Unraveling miRNA-mRNA target interactions is a fundamental step for discovering the regulatory network governed by miRNAs and their functional role within an organism. Due to the numerous potential target sites for a given miRNA, experimentally confirming every possible target candidate is impractical both in terms of cost and time. Machine learning (ML) has been increasingly explored to predict candidate targets using a series of descriptors (i.e., features) of the miRNA-target mRNA interaction defined from experimentally characterized interactions and prior knowledge [13], filtering possible miRNA targets.

However, miRNA target prediction is still considered an open problem due to several challenges. First, manually engineered features based on biological assumptions capture only partially the numerous characteristics that influence the effectiveness of an interaction between miRNA and mRNA target [13]. The contribution of single features to the degree of repression of the miRNA target is still hard to completely determine. Second, the multiplicity of miRNA-target interaction patterns, often in a context-dependent manner, introduces large complexity into the problem. Third, there is an inherent class imbalance issue, as the majority of validated data refers to functional miRNA targets, i.e., positive examples. This generates a bias towards large false positive predictions [11].

Over the past years, numerous deep learning (DL) methods have been developed, with various successful applications in biology and medicine. Among these, we highlight the DL algorithms in graphs, known as Graph Neural Networks (GNNs), and their capacity for solving complex problems where data requires a representation in non-Euclidean domains [1, 16]. GNNs have found successful applications in identifying associations between miRNAs and diseases (e.g., [4]); however, they are still little explored in the computational prediction of miRNA targets. Thus, in this work we aim to answer the question: can GNNs precisely predict miRNA targets from known miRNA-mRNA target interactions and biological evidence regarding miRNAs and mRNAs expression?
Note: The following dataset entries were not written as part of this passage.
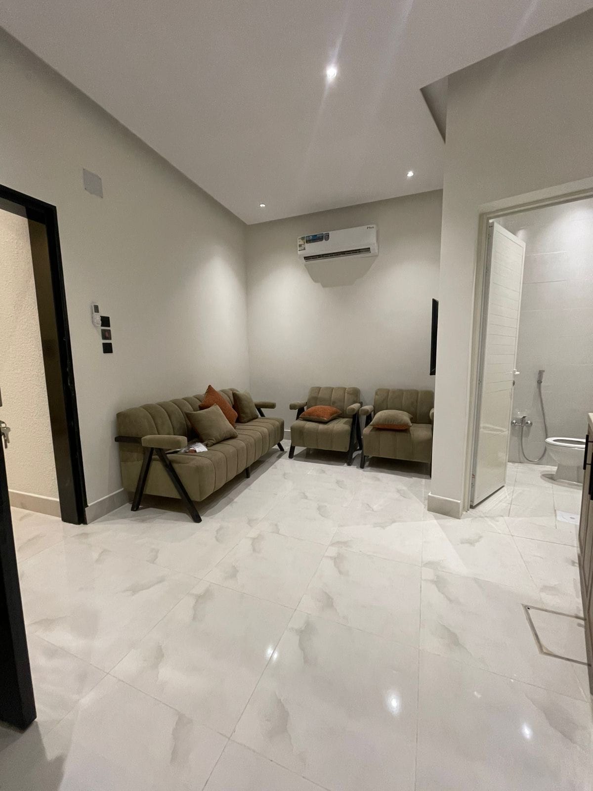استرخ في هذا المسكن الفريد والهادئ. شقه بتصميم حديث تحتوى على غرفه نوم بسرير ماستر بمفرش فندقي وصاله مساحه واسعه بتلفزيون ذكي80 بوصه بدعم اشتراك نت فلكس ومجهز ثلاجه وايضاً يوجد بار قهوة وشاهي وغلايه وادوات الشاي ودورة مياة مجهزة بالكامل بالاضافة الي دخول ذاتي ومدخل سيارة خاص مع حوش بجلسة خارجية الموقع مميز قريب جميع الخدمات كلية التقنية والقاعدة والمعهد
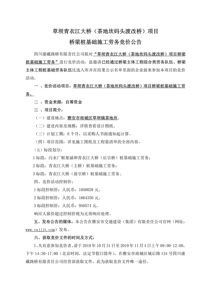 四川康藏路橋有限責(zé)任公司草壩青衣江大橋(茶地坎碼頭渡改橋)項(xiàng)目橋梁樁基礎(chǔ)施工勞務(wù)競價公告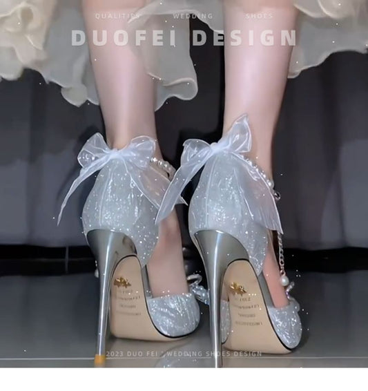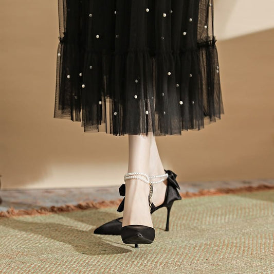 Stiletto Pearl Strap Sandals Bow Faux Glitter Ankle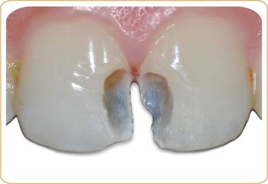 In certain cases of trauma, when a part of a tooth chips off from the whole, the patient is advised to keep the broken piece safe, preferably in saline or milk, so that the dentist can bond the original piece back onto the patient's tooth.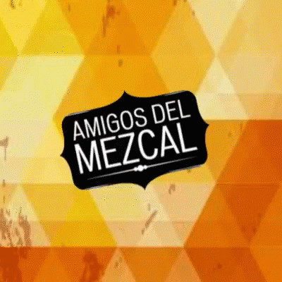 The 'Amigos Del Mezcal Charlyna' logo animates and spins on a vibrant orange and yellow geometric background.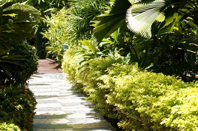 В 28 км от аэропорта, в 700 м от пляжа Салад, в прекрасной песчаной бухте, в окружении красивых тропических садов.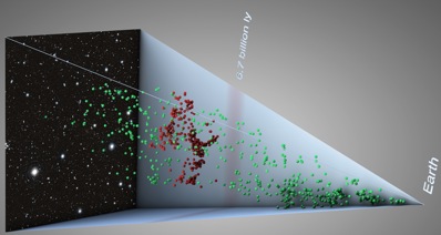 This illustration shows the position of the galaxies and reveals the extent of this gigantic structure. The galaxies located in the newly discovered structure are shown in red. Galaxies that are either in front or behind the structure are shown in green. Image: ESO/L. Calçada/Subaru/National Astronomical Observatory of Japan/M. Tanaka.

We propose an approach based on the HinSAGE algorithm and heterogeneous graphs containing prior knowledge about validated miRNA-mRNA target and mRNA-mRNA interactions. HinSAGE is a derivative of the GraphSAGE algorithm [3], an stochastic generalization of graph convolutions that can leverage node feature to efficiently generate embeddings on unseen data. Moreover, instead of using manually engineered features from known miRNA-target interactions, we use gene expression profiles as node features. Gene expression is the final product in the process of gene regulation, which is affected by molecular factors that are usually used as predictive features individually or combined, such as sequence complementarity, sequence conservation, favorable thermodynamics, and accessibility of the miRNA binding site. Here, we focus on miRNA-target interactions associated with cancer, motivated by the role of dysregulated miRNAs in cancer pathophysiology and as potential biomarkers [10].
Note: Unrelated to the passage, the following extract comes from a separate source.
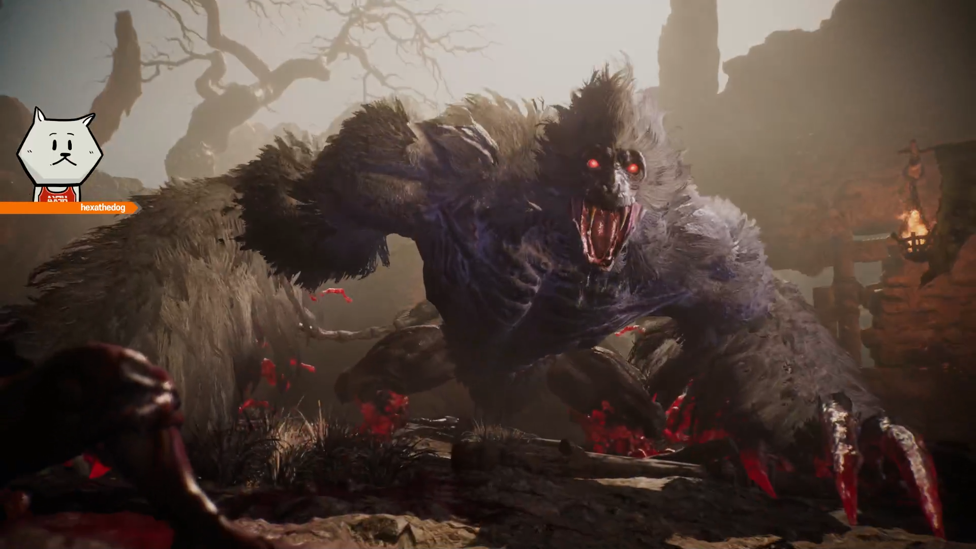 개인적으로는 아래의 몬스터가 특수기를 사용할 때 몸에 빨간 빛이 나와서 세키로의 살기 기술 같다는 느낌을 받았습니다. 패리의 맛과 속도감 때문인지 세키로와 블러드본 느낌이 많이 났고, 동료 시스템과 소환수 같은 것 때문에 여러 소울류 게임을 잘 재해석 했다고 생각했습니다.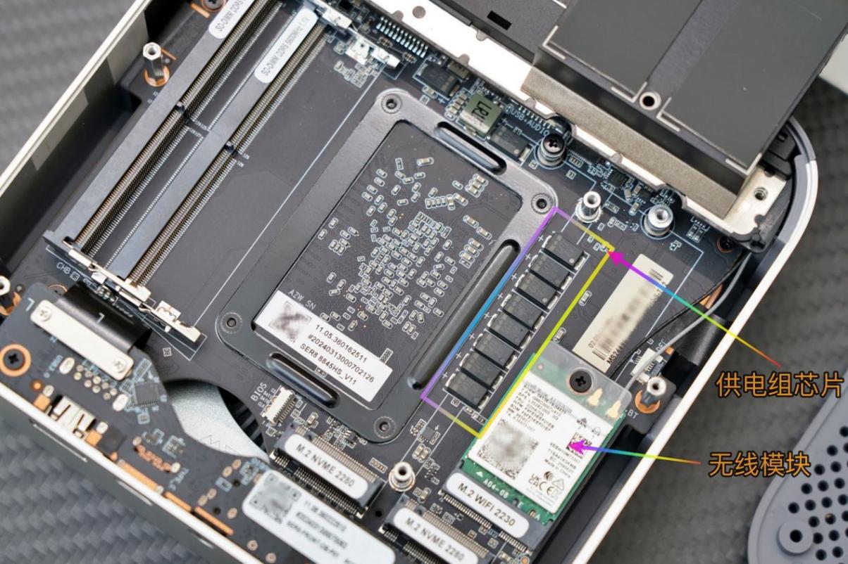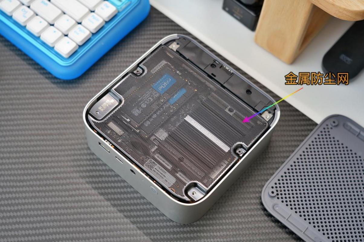 从内部来看,ser8也是大有改进,取消了不常用的2.5英寸硬盘支架,内部增加了蚀刻打孔的金属防尘罩设计,可以防止长时间运行机器内部电路板积灰。

Our main contributions are twofold. First, we propose and evaluate a prediction approach based on the GraphSAGE algorithm that integrates an graph and expression profiles to predict miRNA-target interactions. To the best of our knowlegde, this is the first work to explore GNNs for miRNA-target prediction in human cancer. Second, we conduct a detailed investigation of several hyperparameters involved in the algorithm and decisions regarding dataset construction, evaluating their impact on the addressed prediction problem.

2 Related Works

Several tools have been developed for miRNA target prediction, with ML and DL being recurrent among solutions. Since the related literature is vast [13], here we review the most relevant works for the proposed approach. TargetScan [9] is a widely used tool that employs linear regression and ML techniques for miRNA target prediction. However, it has limited sensitivity for targets without good evolutionary conservation. PITA [7] considers the accessibility of the binding site on the target, evaluating the scores for microRNA-target interactions by using energy-based secondary structure prediction algorithms. Both methods rely on specialist-designed features.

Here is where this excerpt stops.